The principal of the school, Olukunle, was a Christian of Baptist persuasion, while his deputy, a woman from eastern Nigeria was a Catholic. But the head teacher, a Yoruba like Olukunle, was a Muslim and the Mathematics teacher, otherwise called Mastilo, as well as his Fine Arts counterpart, were never known to be identified with any particular religion. In fact, every Wednesday, during the time for religious activities, they were known to be engaged in the game of scrabble or Ayo, while the French teacher would twang away on his guitar with a sizeable number of students forming his audience. I recall that he later joined the famous juju music band of King Sunny Ade and toured many parts of the world with the international musician. Notably also we had Mr. Kodjo, a Ghanaian as English Teacher and he was probably a Protestant as he was always to be found in scriptural debate with the headmaster during the Physical Education period later in the afternoon.

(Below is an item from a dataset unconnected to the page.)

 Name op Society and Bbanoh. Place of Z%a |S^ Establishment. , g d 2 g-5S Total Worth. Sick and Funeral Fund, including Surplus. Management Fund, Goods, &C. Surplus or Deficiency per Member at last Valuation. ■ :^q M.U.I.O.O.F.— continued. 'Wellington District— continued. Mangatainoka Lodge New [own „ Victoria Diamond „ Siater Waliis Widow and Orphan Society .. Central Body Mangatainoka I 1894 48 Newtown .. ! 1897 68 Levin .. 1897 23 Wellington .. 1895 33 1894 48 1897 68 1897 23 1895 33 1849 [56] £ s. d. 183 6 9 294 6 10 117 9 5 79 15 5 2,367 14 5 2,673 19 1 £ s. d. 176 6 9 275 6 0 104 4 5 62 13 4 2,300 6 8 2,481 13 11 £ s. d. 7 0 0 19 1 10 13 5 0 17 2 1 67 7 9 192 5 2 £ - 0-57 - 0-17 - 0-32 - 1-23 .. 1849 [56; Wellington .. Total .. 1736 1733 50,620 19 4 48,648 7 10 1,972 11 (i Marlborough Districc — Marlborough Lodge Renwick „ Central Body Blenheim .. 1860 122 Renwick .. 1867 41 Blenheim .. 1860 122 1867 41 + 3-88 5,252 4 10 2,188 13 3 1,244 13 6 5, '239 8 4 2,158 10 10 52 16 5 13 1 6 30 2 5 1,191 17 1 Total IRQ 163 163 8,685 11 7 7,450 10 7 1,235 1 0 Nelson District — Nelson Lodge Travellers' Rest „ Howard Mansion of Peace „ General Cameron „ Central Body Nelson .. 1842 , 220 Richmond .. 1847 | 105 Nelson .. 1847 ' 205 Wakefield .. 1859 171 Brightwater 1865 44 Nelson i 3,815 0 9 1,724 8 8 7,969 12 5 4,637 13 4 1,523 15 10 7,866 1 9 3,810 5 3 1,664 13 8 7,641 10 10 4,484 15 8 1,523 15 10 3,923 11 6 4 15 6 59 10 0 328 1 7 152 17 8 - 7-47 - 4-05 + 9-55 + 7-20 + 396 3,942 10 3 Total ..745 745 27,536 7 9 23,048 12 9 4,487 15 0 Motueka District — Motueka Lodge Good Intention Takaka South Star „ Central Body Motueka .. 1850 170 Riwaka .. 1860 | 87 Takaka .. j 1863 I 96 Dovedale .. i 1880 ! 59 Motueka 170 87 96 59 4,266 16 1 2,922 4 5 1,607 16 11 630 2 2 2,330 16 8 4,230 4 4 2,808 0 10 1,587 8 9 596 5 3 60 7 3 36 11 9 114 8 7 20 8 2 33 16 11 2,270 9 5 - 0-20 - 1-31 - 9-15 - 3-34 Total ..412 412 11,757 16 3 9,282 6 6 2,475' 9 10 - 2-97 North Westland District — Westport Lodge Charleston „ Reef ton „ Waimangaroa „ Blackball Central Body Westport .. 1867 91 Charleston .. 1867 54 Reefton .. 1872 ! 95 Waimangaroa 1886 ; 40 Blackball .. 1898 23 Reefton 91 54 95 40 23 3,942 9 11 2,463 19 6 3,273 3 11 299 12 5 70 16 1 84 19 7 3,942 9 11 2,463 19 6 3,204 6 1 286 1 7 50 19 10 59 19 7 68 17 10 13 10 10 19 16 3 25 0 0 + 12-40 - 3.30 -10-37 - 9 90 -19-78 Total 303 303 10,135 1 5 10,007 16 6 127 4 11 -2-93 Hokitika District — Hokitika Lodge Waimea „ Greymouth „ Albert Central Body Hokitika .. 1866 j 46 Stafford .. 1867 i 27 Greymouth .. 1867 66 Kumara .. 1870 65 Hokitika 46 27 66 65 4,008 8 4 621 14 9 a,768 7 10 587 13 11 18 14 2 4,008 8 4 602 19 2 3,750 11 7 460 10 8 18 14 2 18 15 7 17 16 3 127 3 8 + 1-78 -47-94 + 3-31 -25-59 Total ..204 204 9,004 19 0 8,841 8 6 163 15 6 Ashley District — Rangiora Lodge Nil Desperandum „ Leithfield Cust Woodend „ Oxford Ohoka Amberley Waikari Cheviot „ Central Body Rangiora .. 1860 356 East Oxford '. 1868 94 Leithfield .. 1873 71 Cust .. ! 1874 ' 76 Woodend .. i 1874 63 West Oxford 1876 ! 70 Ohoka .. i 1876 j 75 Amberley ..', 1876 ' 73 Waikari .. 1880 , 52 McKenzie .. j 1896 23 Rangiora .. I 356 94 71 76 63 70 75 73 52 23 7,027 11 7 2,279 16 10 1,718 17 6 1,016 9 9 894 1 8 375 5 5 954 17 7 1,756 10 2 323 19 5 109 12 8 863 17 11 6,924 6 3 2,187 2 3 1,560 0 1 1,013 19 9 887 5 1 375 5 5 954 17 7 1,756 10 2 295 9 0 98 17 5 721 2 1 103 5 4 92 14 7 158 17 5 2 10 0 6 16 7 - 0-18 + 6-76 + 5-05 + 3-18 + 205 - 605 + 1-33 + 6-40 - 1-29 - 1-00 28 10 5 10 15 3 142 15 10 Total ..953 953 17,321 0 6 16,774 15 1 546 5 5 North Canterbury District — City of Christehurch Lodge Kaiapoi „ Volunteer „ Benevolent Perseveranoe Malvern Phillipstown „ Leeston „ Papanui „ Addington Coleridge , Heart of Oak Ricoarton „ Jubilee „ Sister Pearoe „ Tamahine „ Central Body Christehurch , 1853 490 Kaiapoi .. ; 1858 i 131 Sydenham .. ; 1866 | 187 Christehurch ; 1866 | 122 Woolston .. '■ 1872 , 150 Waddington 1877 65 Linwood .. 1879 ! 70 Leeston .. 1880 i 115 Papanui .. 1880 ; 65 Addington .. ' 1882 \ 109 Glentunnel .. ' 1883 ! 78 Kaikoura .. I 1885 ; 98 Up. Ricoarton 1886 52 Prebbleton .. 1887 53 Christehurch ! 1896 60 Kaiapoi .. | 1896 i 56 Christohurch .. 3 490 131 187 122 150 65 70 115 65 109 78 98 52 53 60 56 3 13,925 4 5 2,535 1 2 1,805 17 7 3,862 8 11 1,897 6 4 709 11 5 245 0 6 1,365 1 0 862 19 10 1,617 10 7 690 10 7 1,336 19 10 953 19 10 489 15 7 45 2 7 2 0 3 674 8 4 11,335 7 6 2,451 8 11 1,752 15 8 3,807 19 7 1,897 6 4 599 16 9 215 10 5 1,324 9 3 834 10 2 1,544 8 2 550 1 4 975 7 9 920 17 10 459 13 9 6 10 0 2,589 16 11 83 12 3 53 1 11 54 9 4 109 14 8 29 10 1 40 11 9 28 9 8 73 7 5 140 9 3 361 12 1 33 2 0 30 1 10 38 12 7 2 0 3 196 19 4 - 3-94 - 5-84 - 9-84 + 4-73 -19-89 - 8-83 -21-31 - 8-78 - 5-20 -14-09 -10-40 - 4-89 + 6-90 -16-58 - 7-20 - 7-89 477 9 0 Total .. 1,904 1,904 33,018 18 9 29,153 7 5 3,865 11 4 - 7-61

The school, as a matter of fact, harboured a mosque next door to the junior staff quarters on the southern part of the vast compound. Few metres away, where the long block of classrooms for the junior class land marked by the famous footpath to the football pitch, was the little prayer house which served as the church. It was in the same room that the music lesson took place because of the organ that had been mounted in it. It would not be a surprise that much of the content of the music class was based on liturgical hymns and themes. But almost, or so it seemed, the entire student population participated in the activities in the room. This was evident by the fact that the Muslim-dominated student populace had to be organized into groups so the activities of the little rooms could accommodate them.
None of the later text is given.